=== Section Start ===

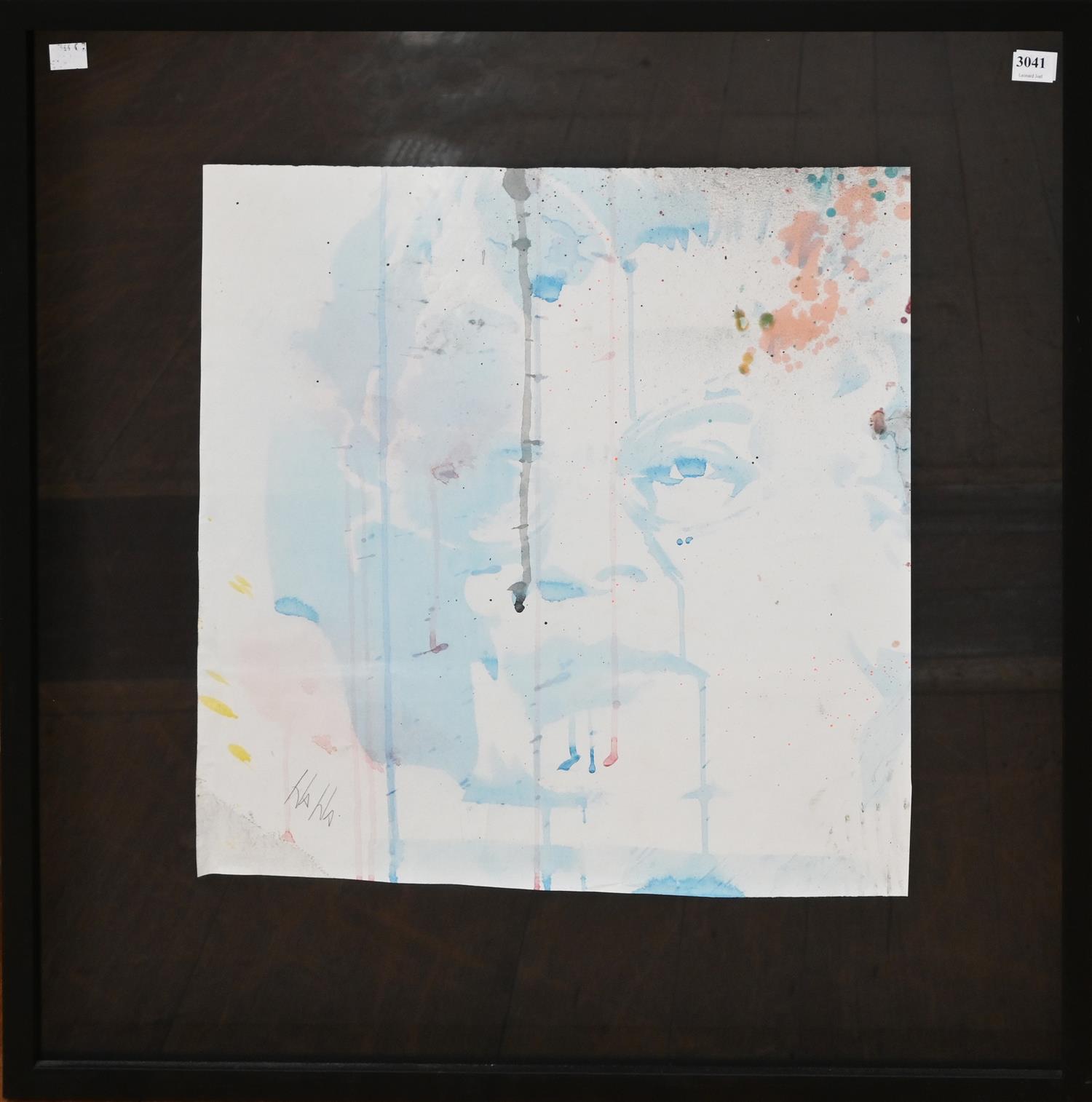 HA-HA, THE FACE, WATERCOLOUR, STENCIL AND MIXED MEDIA ON PAPER, 45 X 44CM, FRAME SIZE: 68 X 68CM
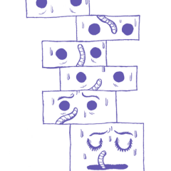 Le déroulement du récit est donc toujours imprévisible (à l’image de l’apparition de Titeuf, C3PO et de Lewis Trondheim !), les ruptures de rythme et de ton fréquentes, ce qui rend la narration toujours vive et ludique. Cela est enrichi par le jeu sur la disposition des cases dans la page et l’importance accordée aux espaces blancs, éléments qui accentuent l’aspect collage / montage du découpage et de la mise en page. Enfin, ces planches sont imprimées en violet et blanc, parti pris aussi singulier qui convient parfaitement à la dimension onirique de l’aventure.
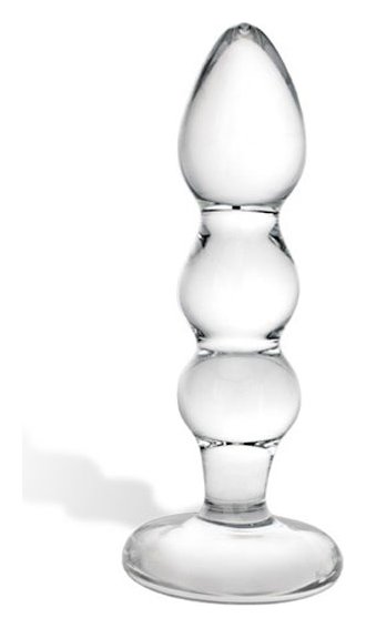 Гладкая прохладная елочка из прозрачного закаленного стекла. Абсолютно гигиеничная, совместима с лубрикантами, на любых основах. Высота от основания: 15,5 см. Диаметр: от 2,5 до 3,5 см.
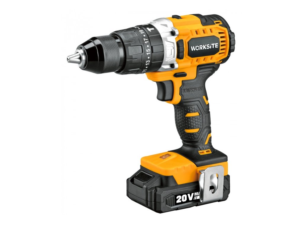 CD320H - Aku vrtačka s příklepem je výkonná 20V akumulátorová příklepová vrtačka od společnosti WORKSITE s bezkartáčovým motorem.
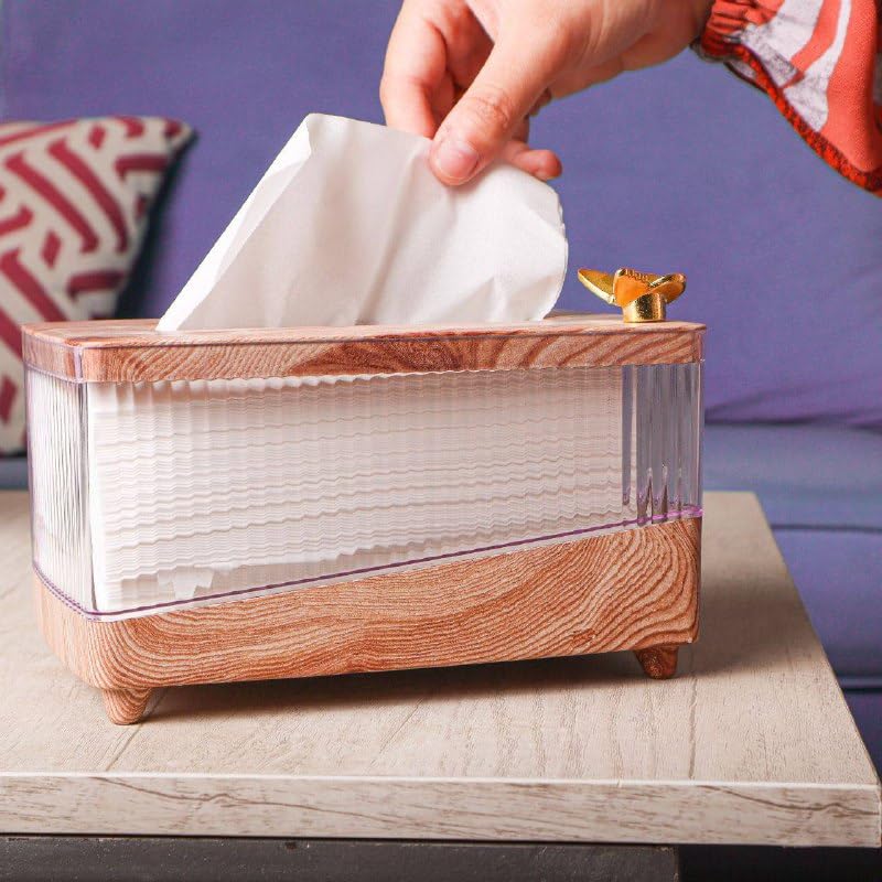 - رؤية واضحة وحماية فائقة: بفضل جوانب الأكريليك الشفافة، يمكنكِ معرفة مستوى المناديل بسهولة، بينما يوفر الهيكل الخشبي حماية ممتازة للمناديل من العوامل الخارجية ببراعة.
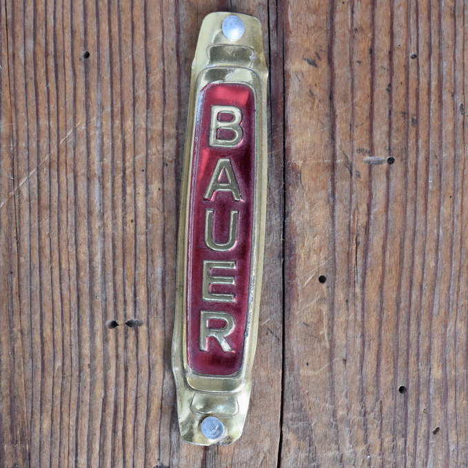 Steuerkopfschild /Schutzblechschild BAUER, 50er Jahre, Originalschild aus Sammlungsbestand, Lochabstand 76 mm
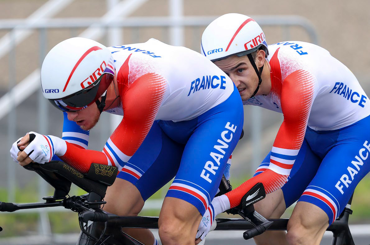 Au pied du podium sur piste, en bronze sur la course en ligne tandem, le duo Alexandre LLOVERAS et son pilote Corentin ERMENAULT (4) terminent les Jeux par une fantastique Marseillaise offert au clan tricolore, lors du contre-la-montre.
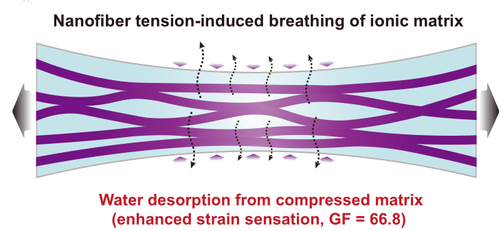 The tension-induced alignment of the nanofibers forces the hygroscopic ionic matrix to reversibly absorb moisture from the air, significantly enhancing the stretchability.
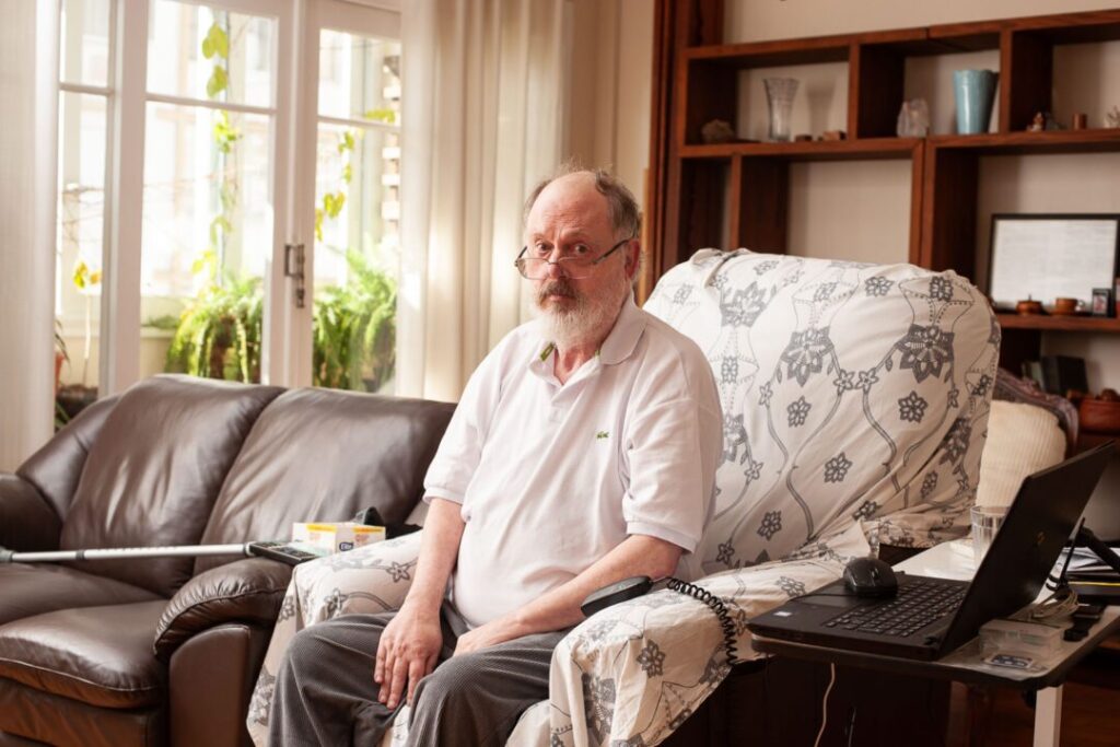 Com a mobilidade física da mão direita reduzida e sob o cuidado contínuo de profissionais de enfermagem, o ex-presidente do Conselho Estadual de Saúde do Rio Grande do Sul Claudio Augustin contraiu o vírus em dezembro de 2020, permaneceu hospitalizado até agosto de 2021 e, desde que recebeu alta, lida diariamente com as sequelas da covid. Servidor público aposentado, Claudio esteve quatro meses entubado, resistiu a diversas pneumonias, realizou várias transfusões de sangue e passou por hemodiálise. Um sobrevivente, Claudio não pode escolher esquecer a pandemia nem por um instante, pois ela está materializada em seu corpo.
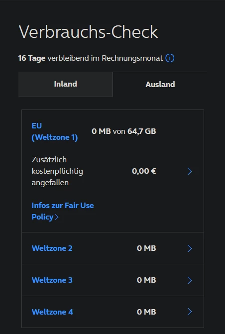 Im ersten Screenshot steht schon mal 0MB, obwohl in Deutschland Daten verbraucht wurden (mit allen Karten), außerdem 3,3 im EU Ausland!
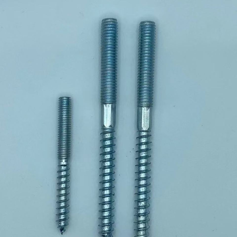 Support en bois galvanisé à double extrémité avec goujon en métal Boulon de fixation de meubles Produit d'ancrage autotaraudeur pour vis à goujon en bois
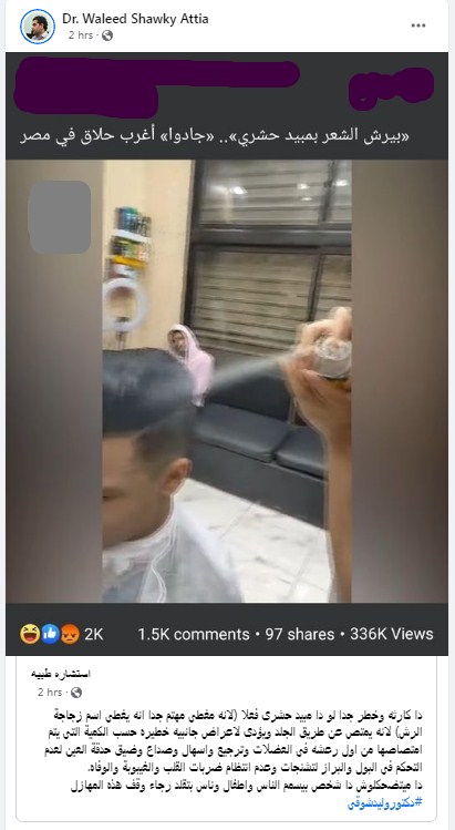وعلق وليد شوقي على الحلاق الذي يرش الشعر بمبيد حشري لتصفيفه فقال في تدوينة على الفيس بوك "دا كارثه وخطر جدًا، لو دا مبيد حشرى فعلًا (لأنه مغطى مهتم جدا انه يغطى اسم زجاجة الرش) لانه يمتص عن طريق الجلد".

=== Section End ===

→ Exercise goal:
Each line from the one that holds "Support en bois" through the end of the material should be repeated exactly, and nothing more. Leave out any picture.

→ Answer section:
 Support en bois galvanisé à double extrémité avec goujon en métal Boulon de fixation de meubles Produit d'ancrage autotaraudeur pour vis à goujon en bois
وعلق وليد شوقي على الحلاق الذي يرش الشعر بمبيد حشري لتصفيفه فقال في تدوينة على الفيس بوك "دا كارثه وخطر جدًا، لو دا مبيد حشرى فعلًا (لأنه مغطى مهتم جدا انه يغطى اسم زجاجة الرش) لانه يمتص عن طريق الجلد".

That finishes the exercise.